When roommates part ways, shared assets become the biggest source of financial friction. Here is the framework for untangling your shared apartment fairly.
The Golden Rule: Depreciation is Real
The most common mistake roommates make when buying each other out is using the original purchase price. If you bought a couch for $800 two years ago, it is not worth $800 today. It has been sat on, spilled on, and depreciated.
Furniture loses value rapidly. As a general rule of thumb for standard apartment furniture (IKEA, Wayfair, Target):
- After 1 year: It retains about 60-70% of its value.
- After 2 years: It retains about 40-50% of its value.
- After 3+ years: It retains 25-30% of its value.
If Roommate A wants to keep the $800 couch after two years, they should not be paying Roommate B $400 (half the original price). The couch is now worth roughly $400 total. Roommate A should buy out Roommate B's half of the current value, which is $200.
The Three Ways to Split Shared Assets
When it comes time to divide the living room, you have three clean options. Do not mix and match these haphazardly; agree on one method for all shared items.
1. The "Buyout" Method
One roommate decides they want to keep the item. You agree on a fair current market value (search Facebook Marketplace or Craigslist for similar items to get a baseline). The person keeping the item pays the other person half of that current value.
Best for: High-quality items that are annoying to move, like heavy solid-wood dressers or large sectionals.
2. The "Sell and Split" Method
Neither of you wants the item, or neither of you can transport it to your next apartment. You list it online, sell it to a stranger, and split the cash 50/50.
Best for: TVs, microwaves, bar carts, and items that have a high resale demand.
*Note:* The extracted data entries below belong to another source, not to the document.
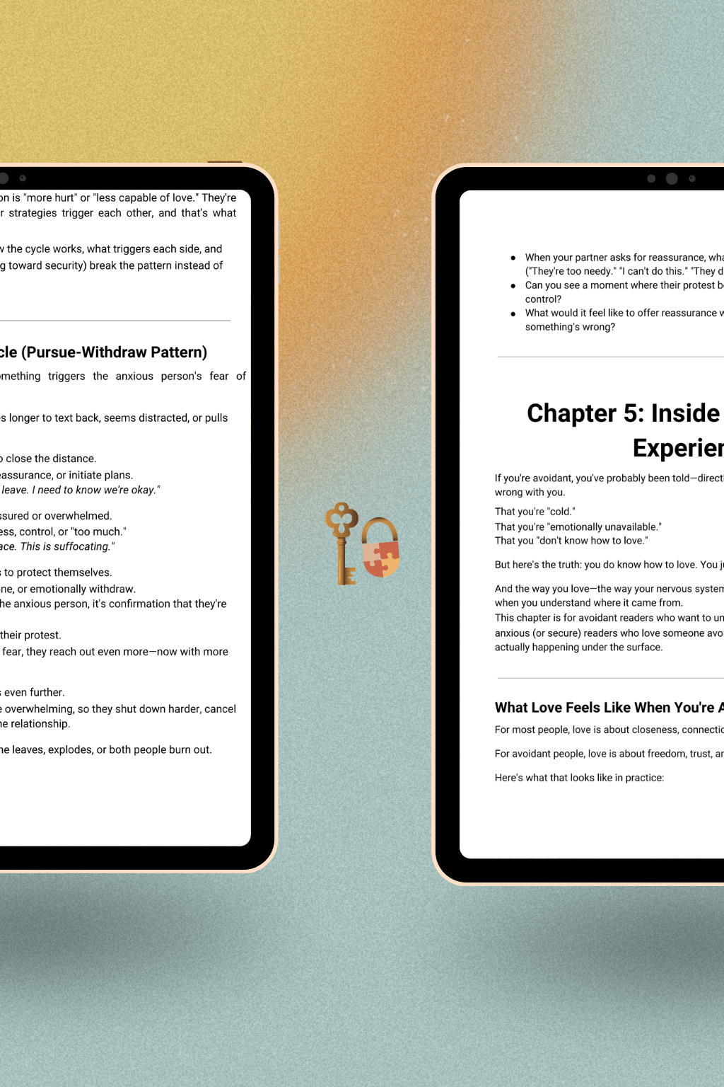 this handbook was built specifically for the anxious-avoidant dynamic. every chapter, every script, every tool is written for what you're actually experiencing.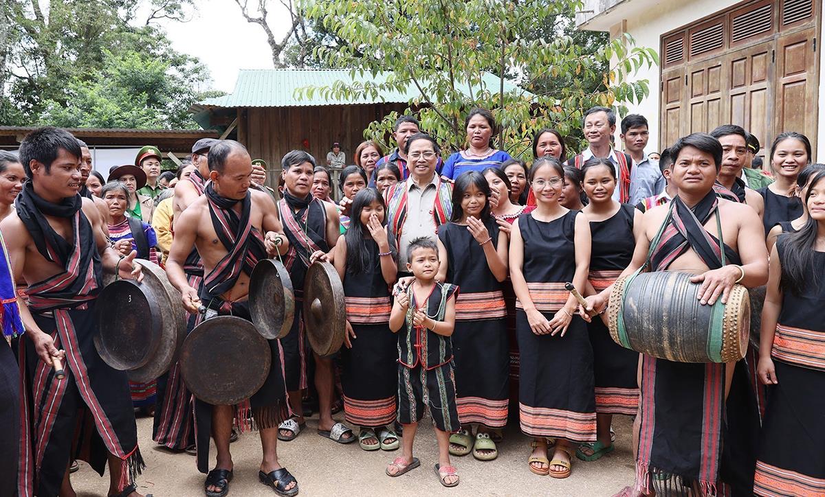 Ủy viên Bộ Chính trị, Thủ tướng Chính phủ Phạm Minh Chính với đồng bào dân tộc xã Măng Ri, huyện Tu Mơ Rông, tỉnh Kon Tum. Ảnh: TTXVN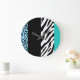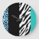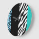Leopard Print, Zebra Print, Animal Print, Blue Large Clock

3. The "Draft Pick" Method
If you have multiple items of roughly equal value, you can skip the cash exchange entirely. Make a list of all shared assets. Flip a coin to see who gets first pick. Roommate A takes the TV. Roommate B takes the dining table and chairs. Roommate A takes the microwave. Continue until the apartment is empty.
Best for: Roommates who are both moving into unfurnished apartments and just need "stuff," regardless of exact dollar values.
How to Prevent the Problem Next Time
The absolute best way to handle roommate furniture is to never split it in the first place. Co-owning physical property with someone you are not married to is always a risk.
Next time you move in with someone, use the "Assigned Ownership" model. Instead of splitting a $500 TV and a $500 couch 50/50, Roommate A buys the TV outright, and Roommate B buys the couch outright. Both items are shared during the lease. When the lease ends, Roommate A takes their TV, and Roommate B takes their couch. Zero math, zero negotiation, zero buyouts.
If you must split the cost of daily shared expenses, keep it strictly to consumables (toilet paper, olive oil, cleaning supplies) or utility bills, where the math is clean and the items disappear at the end of the month.
Settling the Final Ledger
Move-out week is chaotic. You're dealing with security deposits, final utility bills, cleaning fees, and furniture buyouts. Trying to track who owes what for the couch versus who paid the final electricity bill via text message is a guaranteed way to lose track of money.
Put all final expenses—the couch buyout, the last internet bill, the cost of the U-Haul—into a central tracker. A shared app handles the cross-cancellations automatically. If Roommate A owes $200 for the couch, but Roommate B owes $150 for the final utility bills, a smart calculator will instantly figure out that Roommate A just needs to send $50 to settle the entire apartment.
Keep the math objective, use current market values, and settle up cleanly. You'll save your deposit, and more importantly, you'll save the friendship.